> _Task statement_
Extract the records below word for word and ignore the images.
┌─ Material for this exercise
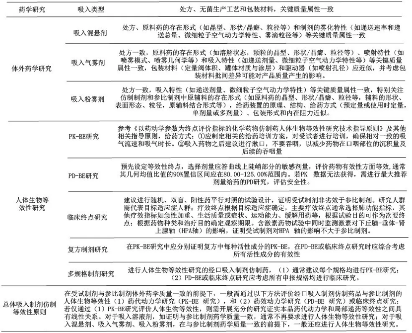 縱觀各國關(guān)于吸入制劑指導(dǎo)原則及指南要求,全球已基本達(dá)成共識(shí),主要涉及無菌保障、霧化特性質(zhì)量研究和生物等效性研究三個(gè)方面,匯總?cè)缦拢?/p>
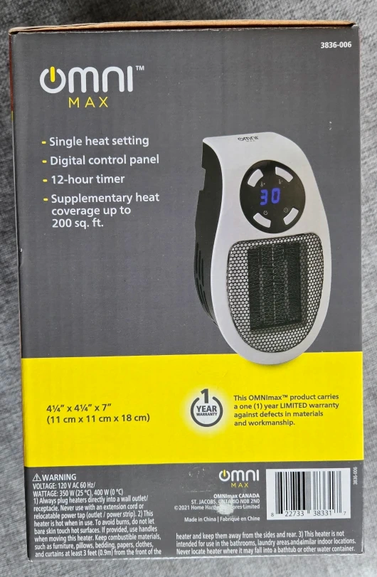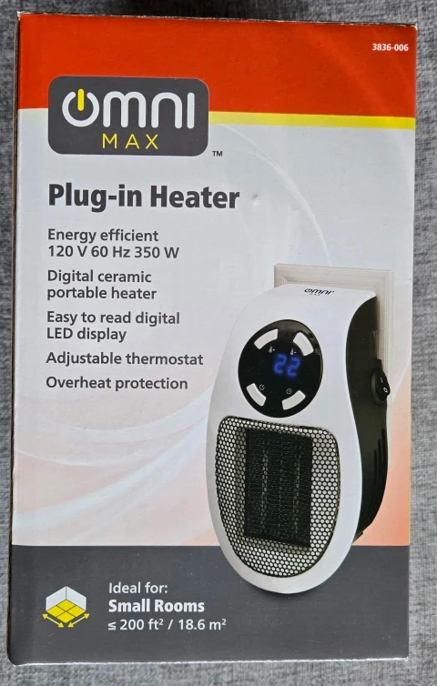 Selling an OmniMax plug-in heater, perfect for small rooms up to 200 sq ft! It's energy efficient at 120V 60Hz 350W.
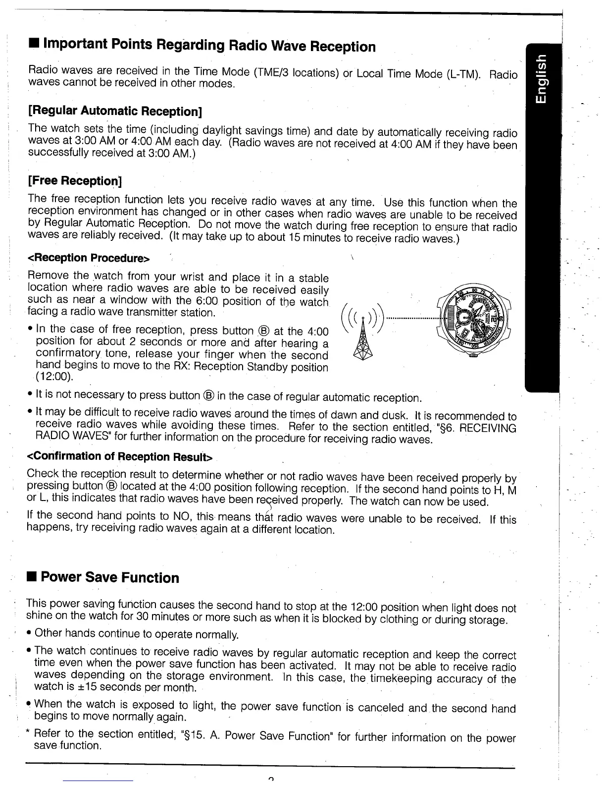Citizen E670 - Important Points Regarding Radio Wave Reception; Regular Automatic Reception; Free Reception; Reception Procedure
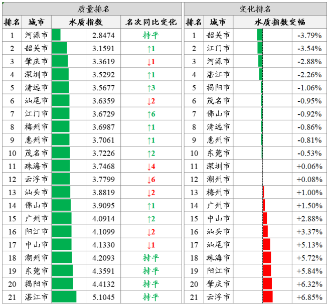 城市排名:基于270个省考断面水质监测结果,按照城市水质指数由低到高排名,全省水环境质量前三名为河源、韶关和肇庆市,后三名由高到低为湛江、揭阳和东莞市。韶关、江门和河源等10市水环境质量同比有所改善,云浮、肇庆和阳江等11市同比有所下降。
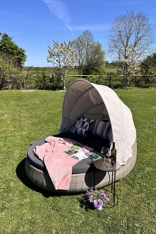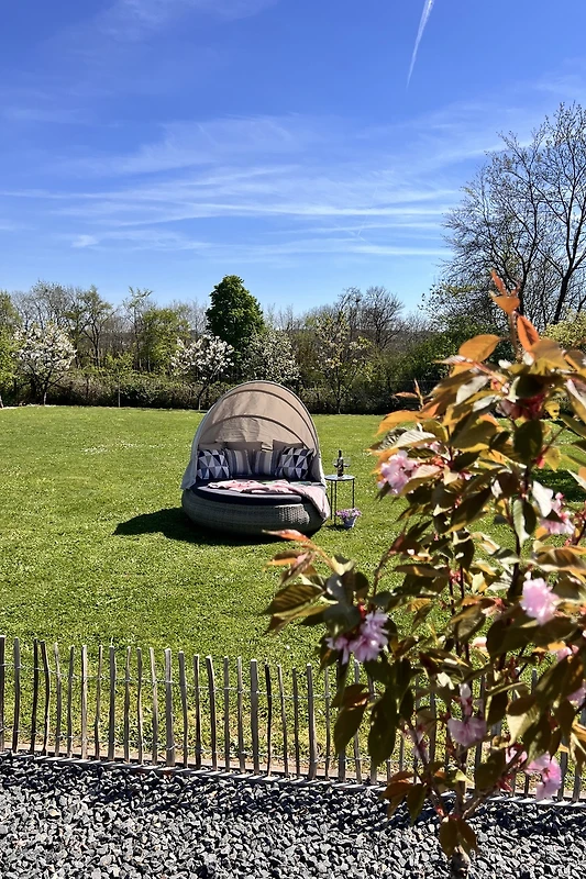 ¡Quien busca tranquilidad y diversión con su perro o también con la familia está en el lugar correcto! El apartamento de vacaciones es nuevo y está decorado con gusto, con todo lo que se necesita, desde vajilla hasta electrodomésticos de cocina como cafetera, tostadora, etc. ¡Todo muy acogedor y muy limpio! El área exterior está bien cuidada y el jardín cercado es un atractivo para perros y niños. Hay varias zonas de asiento y también juegos para los niños. Se puede aparcar directamente en la casa... así que... todo óptimo para unas vacaciones relajadas. Quiero mencionar que los anfitriones son sumamente amables y realmente han pensado en todo. ¡Muchas gracias a la familia Heck!
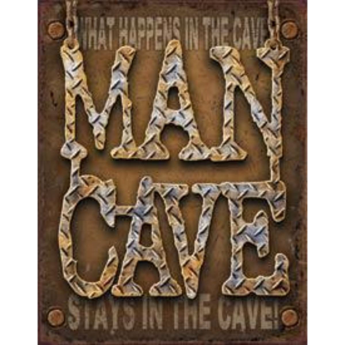 Decorative metal Man Cave sign. Pre-drilled holes for mounting. 12 1/2" W X 16"H.- Vintage style decorative tin sign
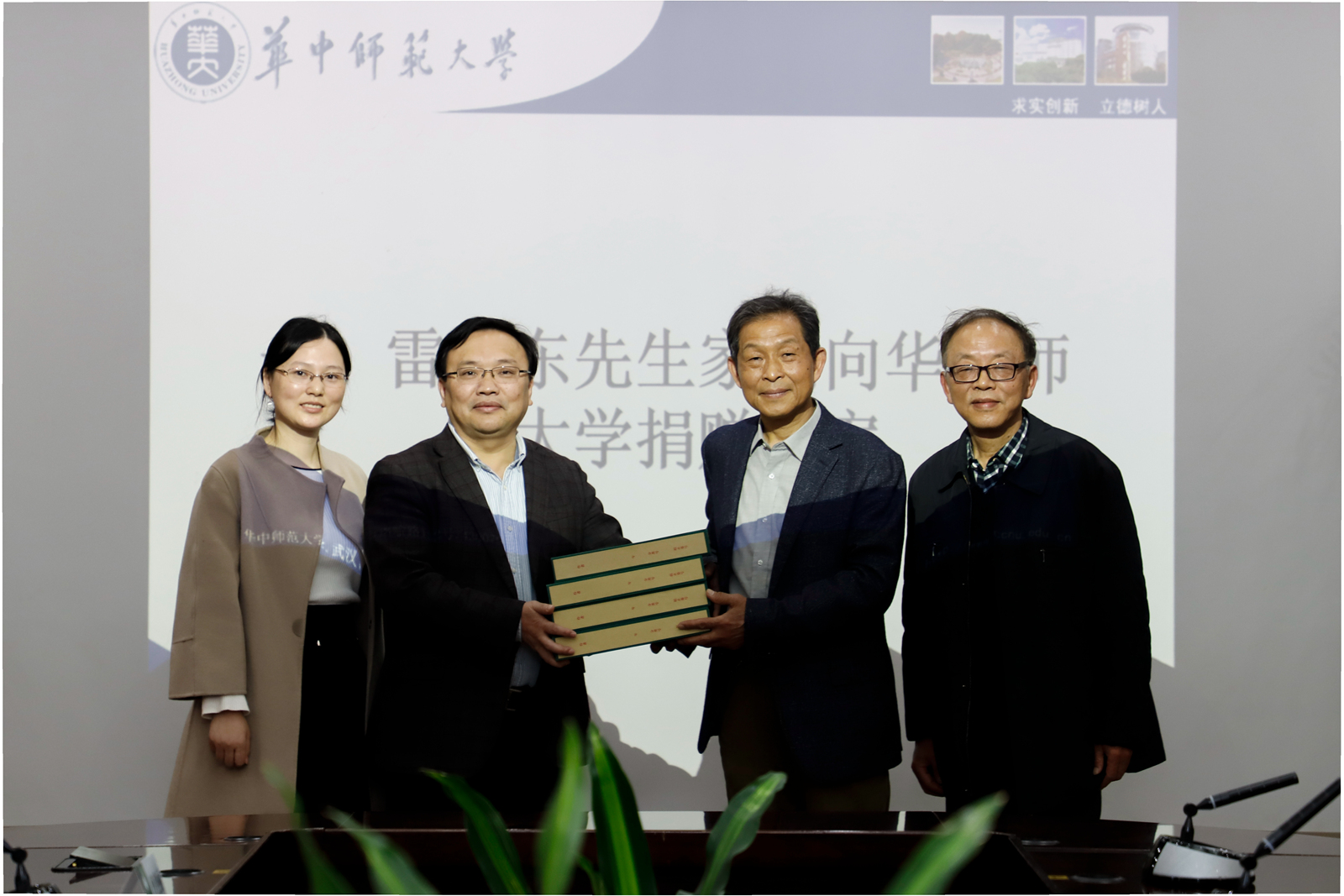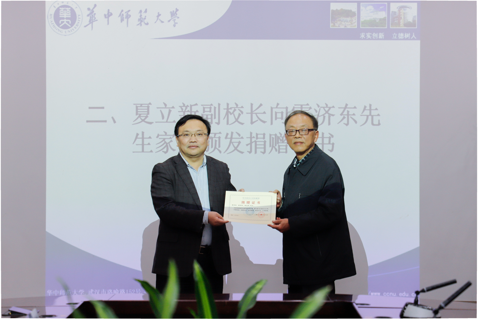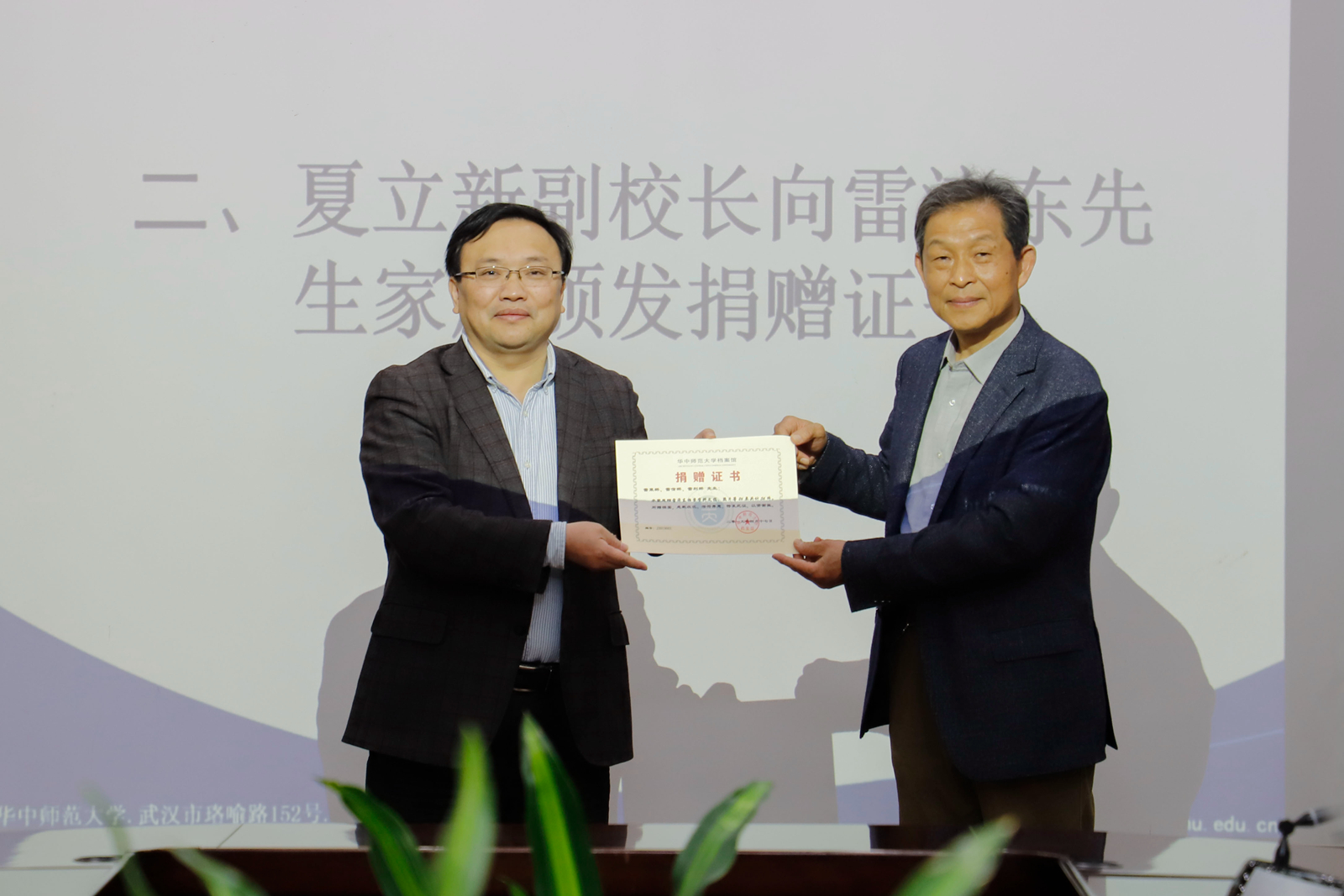 捐赠仪式正式开始前,在场人员通过图片了解了此次捐赠的相关文献材料,其中包含雷济东先生、袁大韶先生手迹等26类56件珍贵档案。随后,夏立新代表华中师范大学接受雷济东后辈的捐赠,并为他们颁发捐赠证书。
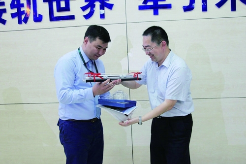 蒙古青年代表和北方机车车辆工业集团公司互赠礼物。中青网记者 卢冠琼摄 |
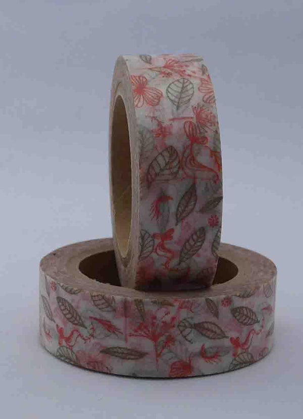 Washi Tape - Flowers/Leaves - Watermelon / Taupe on White
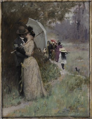 Dnes bychom chtěli upozornit na komorní olejomalbu Luďka Marolda Polibek, která by mohla snadno v katalogu plném zajímavostí zaniknout, jde však o jednu z nejcennějších a sběratelsky nejatraktivnějších autorových položek, které se zatím objevily na trhu. Olej na lepence, prodávaný s posudkem N. Blažíčkové - Horové, je prací restituovanou se sbírek Národní galerie. Za pozornost stojí už vzhledem k nízkému počtu dostupných Maroldových olejomaleb. Vyvolávací cena, která po započtení aukční přirážky už sama o sobě aspiruje na nový autorský rekord, odpovídá původu a významu díla. Vzhledem ke komornímu formátu se však může zdát postavena relativně odvážně.
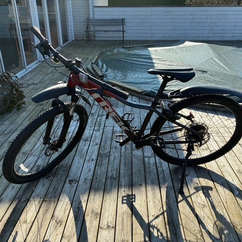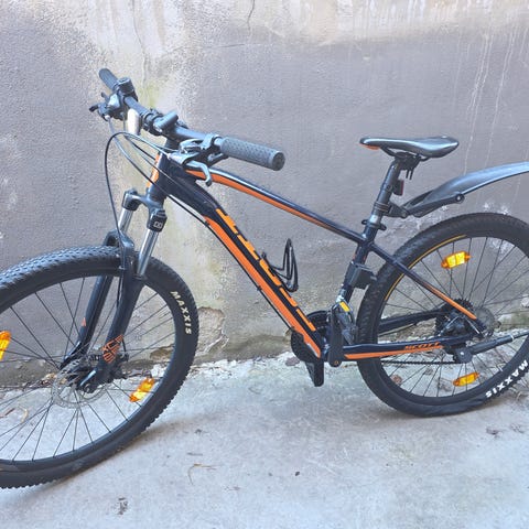 Fin och mycket välvårdad 24-växlad mountainbike för ungdom (43 cm ram, passar 160-175 cm längd) komplett med godkänt lås, cykelstöd, skärm, reflex och belysning fram och bak. Har förvarats i varmgarage.
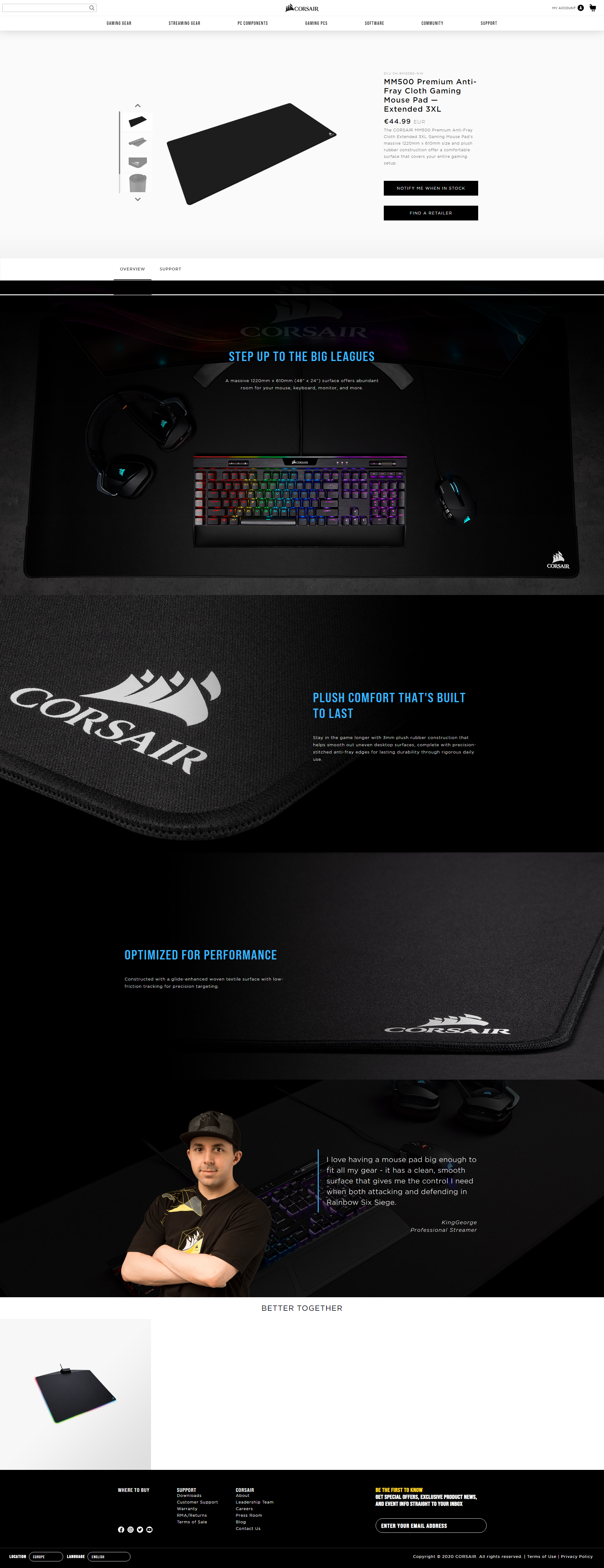 1x CORSAIR MM500 Premium Anti-Fray Cloth Gaming Mouse Pad — Extended 3XL
└─
> _Answer section_
 縱觀各國關(guān)于吸入制劑指導(dǎo)原則及指南要求,全球已基本達(dá)成共識(shí),主要涉及無菌保障、霧化特性質(zhì)量研究和生物等效性研究三個(gè)方面,匯總?cè)缦拢?/p>
 Selling an OmniMax plug-in heater, perfect for small rooms up to 200 sq ft! It's energy efficient at 120V 60Hz 350W.
Citizen E670 - Important Points Regarding Radio Wave Reception; Regular Automatic Reception; Free Reception; Reception Procedure
 城市排名:基于270个省考断面水质监测结果,按照城市水质指数由低到高排名,全省水环境质量前三名为河源、韶关和肇庆市,后三名由高到低为湛江、揭阳和东莞市。韶关、江门和河源等10市水环境质量同比有所改善,云浮、肇庆和阳江等11市同比有所下降。
 ¡Quien busca tranquilidad y diversión con su perro o también con la familia está en el lugar correcto! El apartamento de vacaciones es nuevo y está decorado con gusto, con todo lo que se necesita, desde vajilla hasta electrodomésticos de cocina como cafetera, tostadora, etc. ¡Todo muy acogedor y muy limpio! El área exterior está bien cuidada y el jardín cercado es un atractivo para perros y niños. Hay varias zonas de asiento y también juegos para los niños. Se puede aparcar directamente en la casa... así que... todo óptimo para unas vacaciones relajadas. Quiero mencionar que los anfitriones son sumamente amables y realmente han pensado en todo. ¡Muchas gracias a la familia Heck!
 Decorative metal Man Cave sign. Pre-drilled holes for mounting. 12 1/2" W X 16"H.- Vintage style decorative tin sign
 捐赠仪式正式开始前,在场人员通过图片了解了此次捐赠的相关文献材料,其中包含雷济东先生、袁大韶先生手迹等26类56件珍贵档案。随后,夏立新代表华中师范大学接受雷济东后辈的捐赠,并为他们颁发捐赠证书。
 蒙古青年代表和北方机车车辆工业集团公司互赠礼物。中青网记者 卢冠琼摄 |
 Washi Tape - Flowers/Leaves - Watermelon / Taupe on White
 Dnes bychom chtěli upozornit na komorní olejomalbu Luďka Marolda Polibek, která by mohla snadno v katalogu plném zajímavostí zaniknout, jde však o jednu z nejcennějších a sběratelsky nejatraktivnějších autorových položek, které se zatím objevily na trhu. Olej na lepence, prodávaný s posudkem N. Blažíčkové - Horové, je prací restituovanou se sbírek Národní galerie. Za pozornost stojí už vzhledem k nízkému počtu dostupných Maroldových olejomaleb. Vyvolávací cena, která po započtení aukční přirážky už sama o sobě aspiruje na nový autorský rekord, odpovídá původu a významu díla. Vzhledem ke komornímu formátu se však může zdát postavena relativně odvážně.
 Fin och mycket välvårdad 24-växlad mountainbike för ungdom (43 cm ram, passar 160-175 cm längd) komplett med godkänt lås, cykelstöd, skärm, reflex och belysning fram och bak. Har förvarats i varmgarage.
 1x CORSAIR MM500 Premium Anti-Fray Cloth Gaming Mouse Pad — Extended 3XL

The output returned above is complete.